Andrew Derbidge, Director at Partridge, Sydney-Australia


As industry and technology march on in an increasingly accelerated fashion, there are numerous professions, skills, trades, and crafts that fall by the wayside. There’s an old joke, “Which jobs don’t exist anymore?”  (The answer is “Steve”).


There are two other things that, over time, can fall by the wayside: Knowledge and experience.  When it comes to structural engineering and design, the developments and advancements in technology – as well as social, cultural, and economic changes – have meant that some of the fundamental knowledge and principles of design begin to fall away or get forgotten. Or, more accurately: They don’t get passed on. And one area that has particularly suffered is the efficient detailing and scheduling of reinforcement.


For many structural engineers and their approach to materials, reinforced concrete is the odd one out and often viewed with trepidation or dislike. Steel beams can be designed with the benefit of design capacity tables; timber members can be sized by reading off span tables, and even masonry can be sized and proportioned with the benefit of safe load graphs and charts. But reinforced concrete is trickier and more demanding – chiefly because it has a creative component: In addition to the physical size of the element, you can choose how much reinforcement to put in the section; you can choose where to put that reinforcement, and you can manipulate the section repeatedly to tweak both its ultimate strength and its effective stiffness. And with this choice comes the power to create efficiency and economy. or to lose it.

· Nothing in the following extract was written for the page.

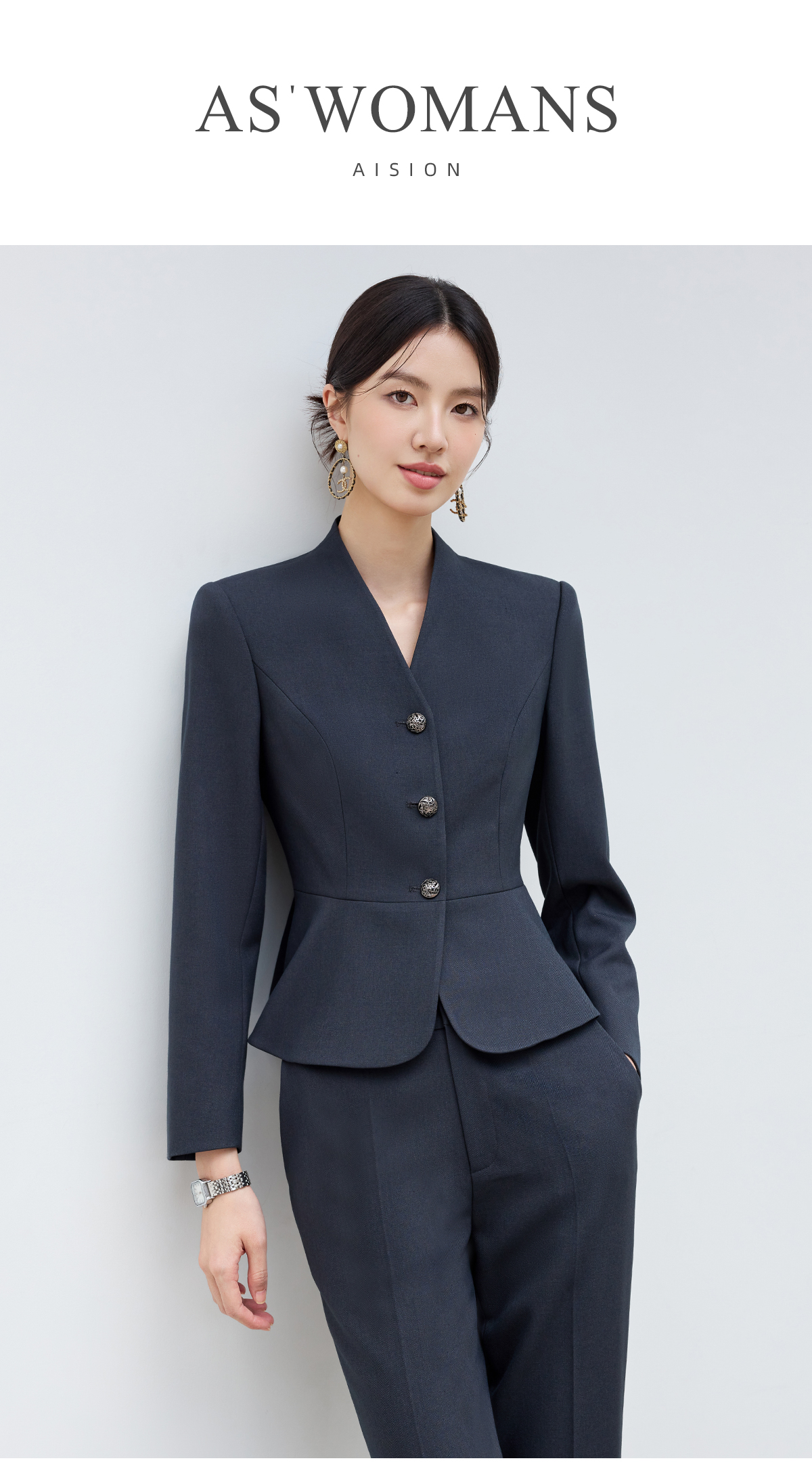 IWY/高端西装正装女职业套装藏青色面试商务工作服西服两件套25CP809

As such, more than any other construction material, designing reinforced concrete is a skill, bordering on a craft. You need to spend years at the design coal face to understand its intricacies and to get a feel for which parameters to tweak to achieve efficient and effective outcomes. And also to realize the economy in designs. It is the one material where good training, education, and mentoring is needed if young engineers and draftspeople are to truly master the art and craft of laying out reinforcement. And, sadly, with the way modern design offices work and the commercial pressures of business, this mentoring is being lost.

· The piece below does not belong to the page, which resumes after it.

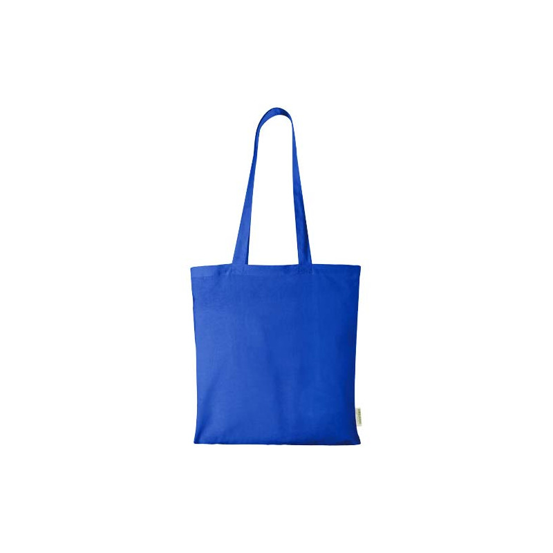 Tote bag made from 100% OCS certified 140 g/m² organic cotton originating from India, featuring a large open main compartment providing plenty of space to carry around all of the essentials. The 32 cm long handles makes it comfortable and easy to carry around wherever you go. Resistance up to 5 kg weight. Volume capacity: 7 litres.

Sustainability and consideration of a structure’s carbon footprint are very much part of the construction industry’s zeitgeist at the moment, and (hopefully) every consulting engineering firm is looking at ways to specify and generate solutions that make their structures more environmentally friendly. However, there is an irony – nay, hypocrisy – with the number of firms that espouse sustainability values on their website and marketing collateral, yet churn out concrete designs that waste tonnes of steel and feature unnecessary embodied carbon.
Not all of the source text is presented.